Dictionaries are hash tables that allow elements to be retrieved by a key. The key can be any Python immutable type such as an integer, string, or tuple. An example would be:
>>> employee_id = {"ricky":11,"fred":12,"ethel":15}
>>> print employee_id["fred"]
12
Note that braces are used to enclose dictionary definitions. New items are easily added:
>>> employee_id["lucy"] = 16
will create a new entry.

There are many operations available for dictionaries; for example, you can get a list of all the keys:

>>> print employee_id.keys()
['ricky', 'lucy', 'ethel', 'fred']
The order of the keys is random, but you can sort the list if you like. You can delete entries:
>>> del employee_id['fred']
>>> print employee_id.keys()
['ricky', 'lucy', 'ethel']

It is a rare Python program that doesn't use these basic data structures (strings, lists, and dictionaries) routinely and heavily. They can be mixed and matched in any way you wish. Dictionaries can contain lists, tuples, and other dictionaries (and different entries can contain different types of objects), and the same is true of lists and tuples.

Truth and Consequences

There are no explicit boolean types in Python. Any variable or expression can be tested for truth in an if statement. The rules for whether something is considered true or false are:
  1. None is false.
  2. Numeric types:
  3. Strings, lists, tuples, dictionaries:
  4. Other objects:
One cannot (mistakenly or deliberately) put an assignment statement inside a conditional as one can in C. For example the following is not legal Python:
if x = 0:
   print "did I really mean to write a never used print statement?"
But this is legal:
if x == 0:
   print "much better"

Control Constructs

Python has if, for, and while control statements. The for statement is different than that in most other languages; it is more like the foreach loop in csh. It takes the following form:
for item in itemlist:
  print item
The loop body is executed with a new value for the variable item for each iteration. The values are taken from a sequence-like object (such as a string, list, or tuple ... but other possibilities exist), and item is set to each of the values in the sequence.
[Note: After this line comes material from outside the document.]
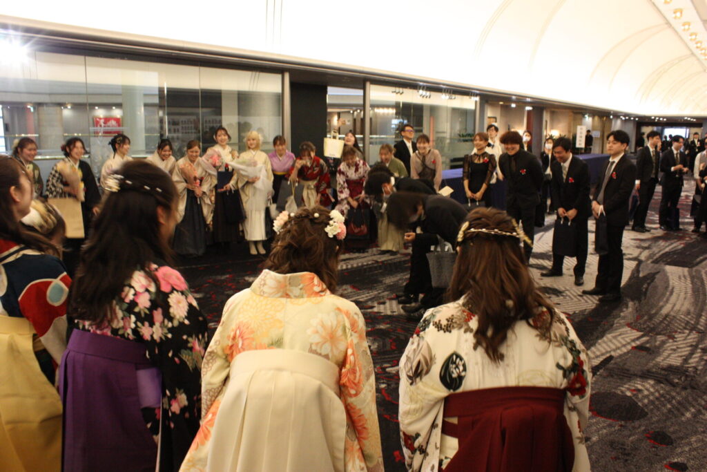 「多くの成果や学びを得ることができたのは、クラスメートや先生、業界の方々などのおかげ。もう一度4年間を過ごしたいと思うくらい感謝しています」と語りました。坂東さんは社会福祉士と精神保健福祉士の2つの国家試験に合格。長岡京市社会福祉協議会で活躍します。「みんなと共にという気持ちを胸に、社会人として新たな一歩を踏み出します」と誓いました。

Note the colon after the statement -- all statements that control the execution of a following block of statements (including for, if, while, etc.) end with a colon.

To get the common loop over consecutive integers, use the built-in range function:

for i in range(100): print i
range(100) constructs a list of values from 0 to 99 (yes, 99!) and the for loop repeats 100 times with values of i starting at 0 and ending at 99. The argument to range is the number of elements in the returned list, not the maximum value. There are additional arguments to range if you want a loop that starts at a value other than zero or that increments by a value other than 1.

Modules and Namespaces

There are different ways of loading modules (the Python equivalent of libraries.) How you load them affects how you use them, and there are some important details to remember. For example one may load the standard string module by
>>> import string
>>> x = 'my test string'
>>> print string.capitalize(x)
MY TEST STRING
If you are testing a module you have written and have changed it, importing the revised module a second time, even from within a completely different program, has no effect (Python notices that it has already been imported and doesn't bother to read and execute it again). To reload a module that was already imported, type:
>>> reload(mmm) 
where mmm (with no quotation marks) is the name of your Python module that you wish to reload.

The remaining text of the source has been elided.